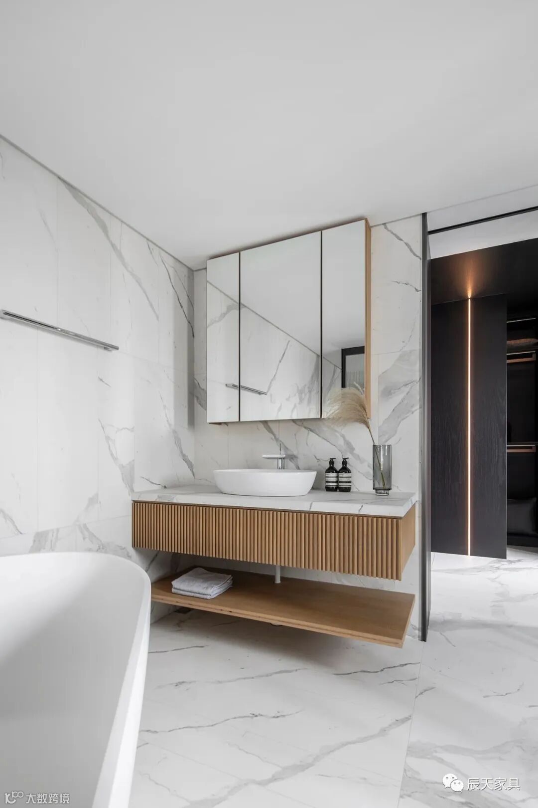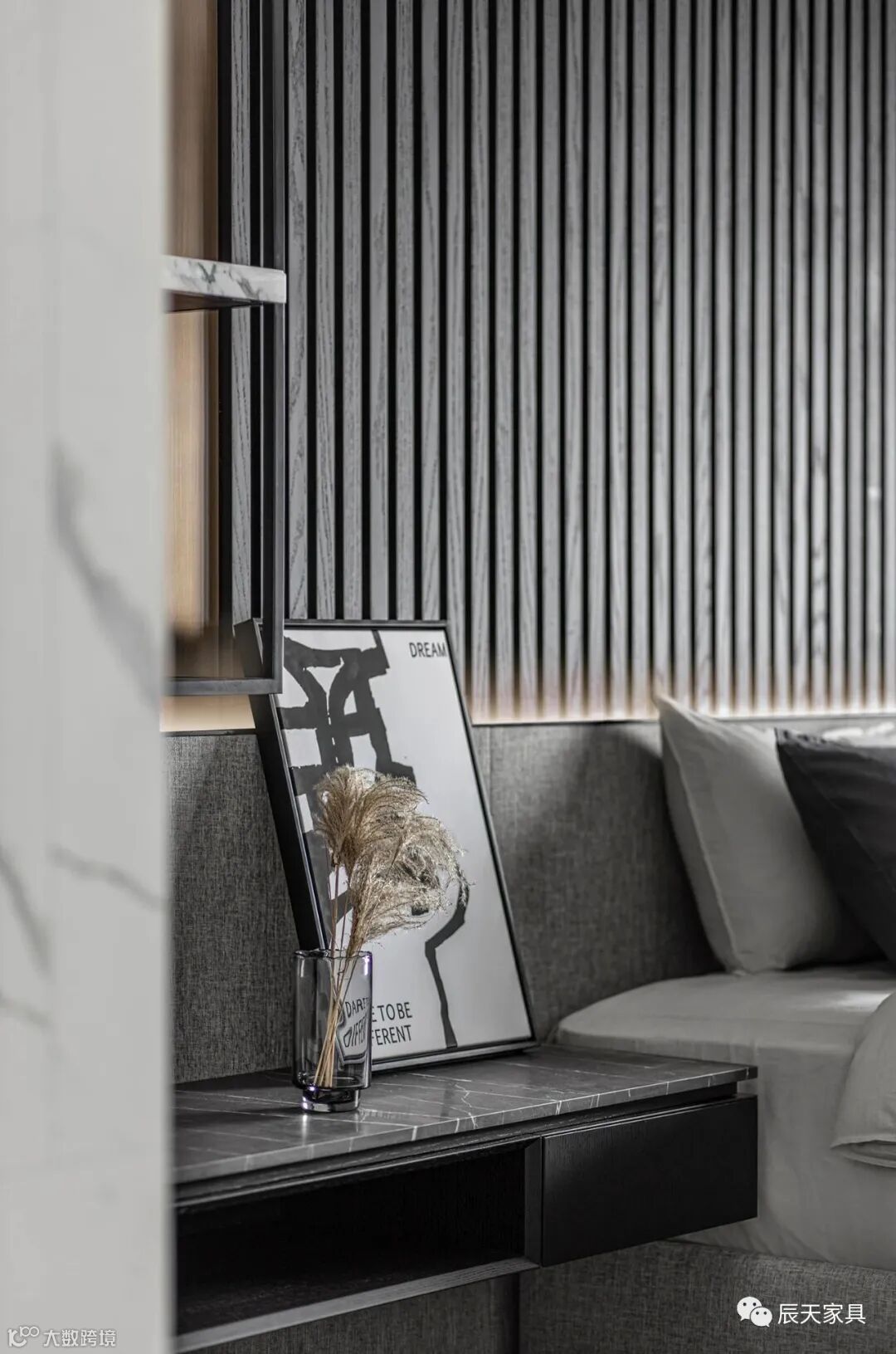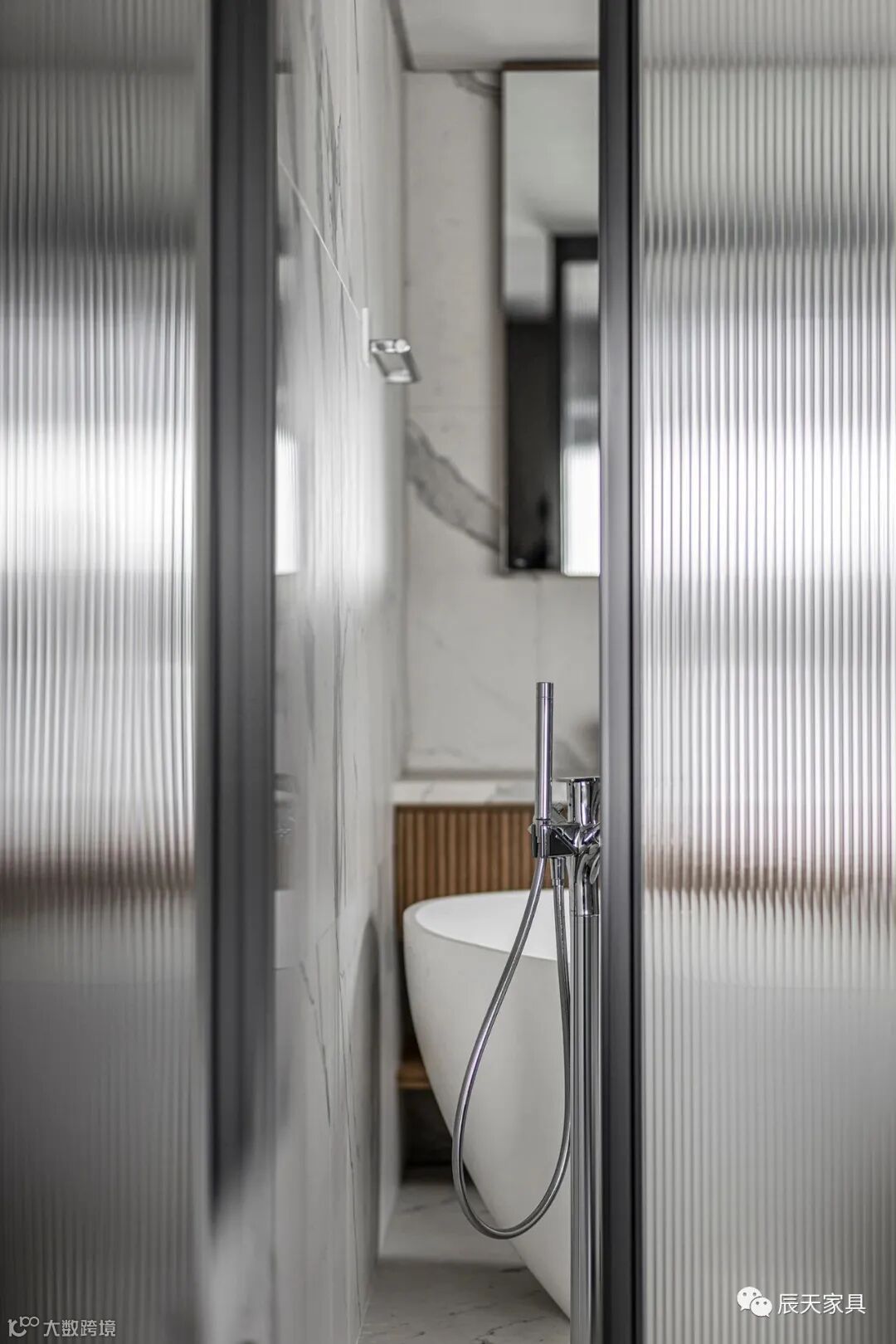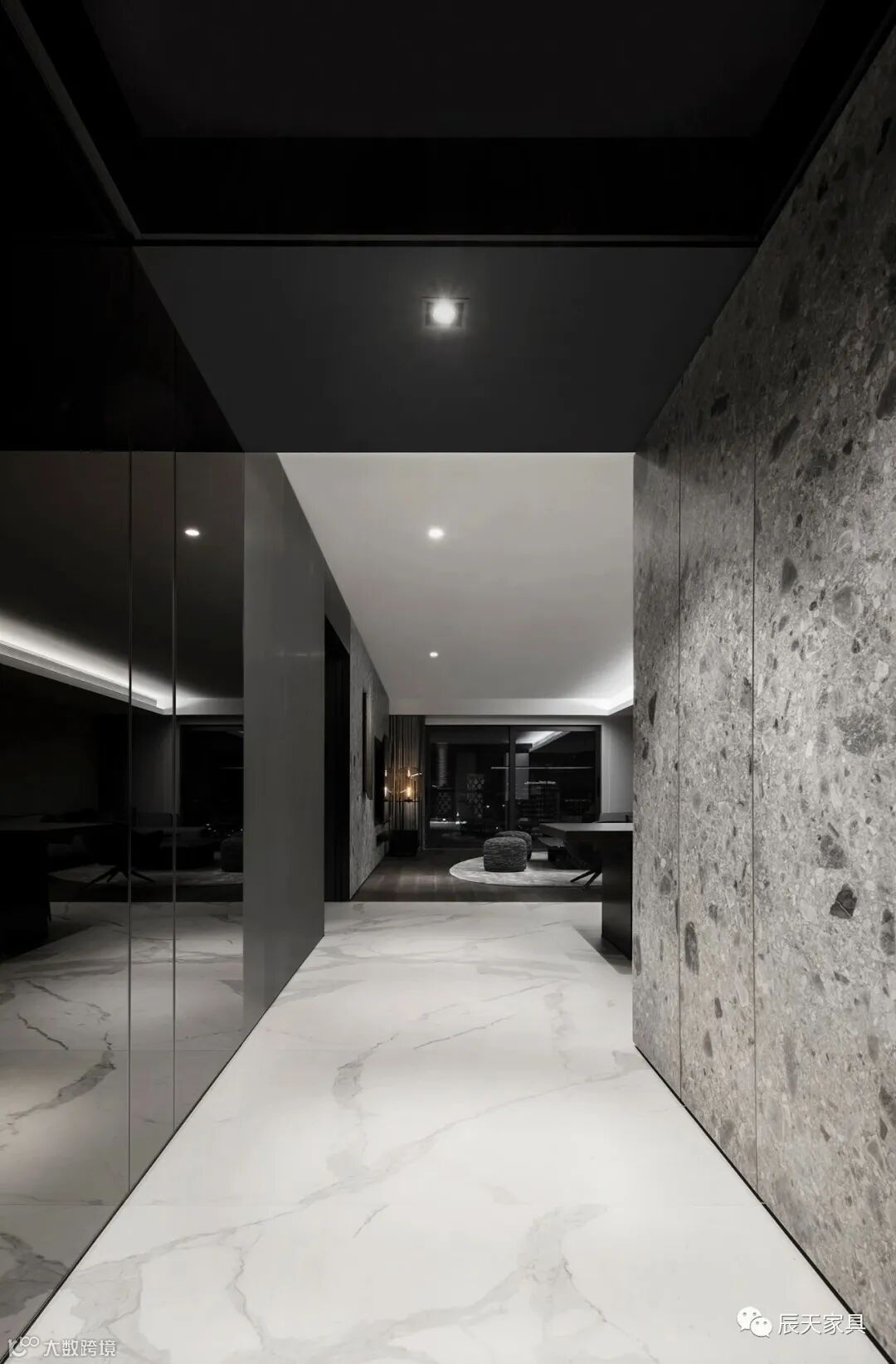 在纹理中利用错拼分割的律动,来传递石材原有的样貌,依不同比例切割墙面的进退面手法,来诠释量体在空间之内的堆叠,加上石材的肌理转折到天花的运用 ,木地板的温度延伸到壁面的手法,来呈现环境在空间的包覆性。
* * *
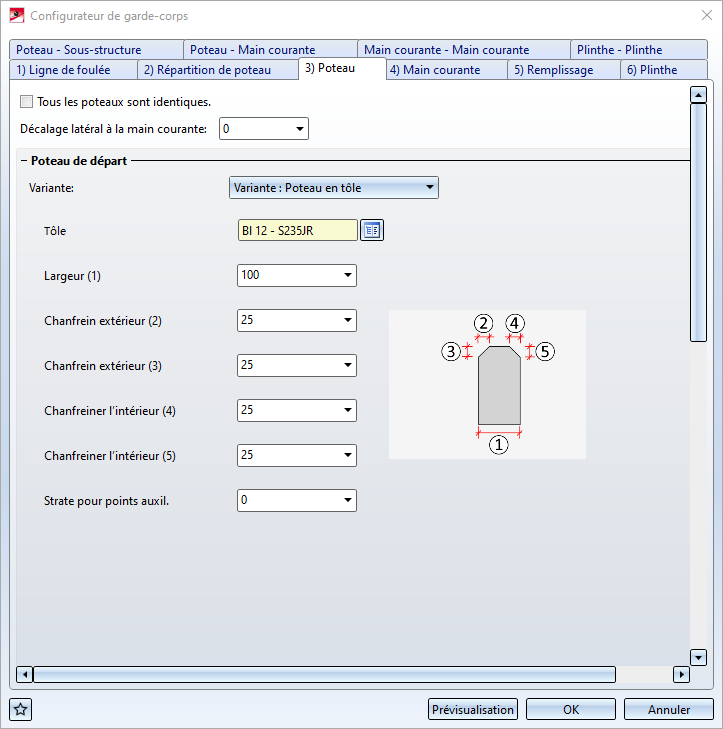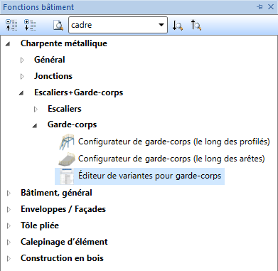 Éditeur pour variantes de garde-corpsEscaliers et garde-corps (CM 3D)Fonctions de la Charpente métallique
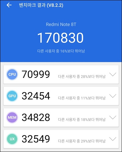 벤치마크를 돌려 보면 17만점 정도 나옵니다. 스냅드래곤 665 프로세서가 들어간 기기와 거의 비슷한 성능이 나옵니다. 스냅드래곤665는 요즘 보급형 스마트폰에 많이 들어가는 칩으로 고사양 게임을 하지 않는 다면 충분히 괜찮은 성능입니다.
--
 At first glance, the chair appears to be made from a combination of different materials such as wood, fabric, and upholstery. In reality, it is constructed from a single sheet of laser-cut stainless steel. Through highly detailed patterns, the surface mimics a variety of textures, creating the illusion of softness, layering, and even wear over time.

Work item = Lines wanted from the entries above: the one with "Éditeur pour variantes", the one with "벤치마크를 돌려 보면", and all lines between. Please copy them exactly, without the pictures and without anything else.

Solution for this task =
 Éditeur pour variantes de garde-corpsEscaliers et garde-corps (CM 3D)Fonctions de la Charpente métallique
 벤치마크를 돌려 보면 17만점 정도 나옵니다. 스냅드래곤 665 프로세서가 들어간 기기와 거의 비슷한 성능이 나옵니다. 스냅드래곤665는 요즘 보급형 스마트폰에 많이 들어가는 칩으로 고사양 게임을 하지 않는 다면 충분히 괜찮은 성능입니다.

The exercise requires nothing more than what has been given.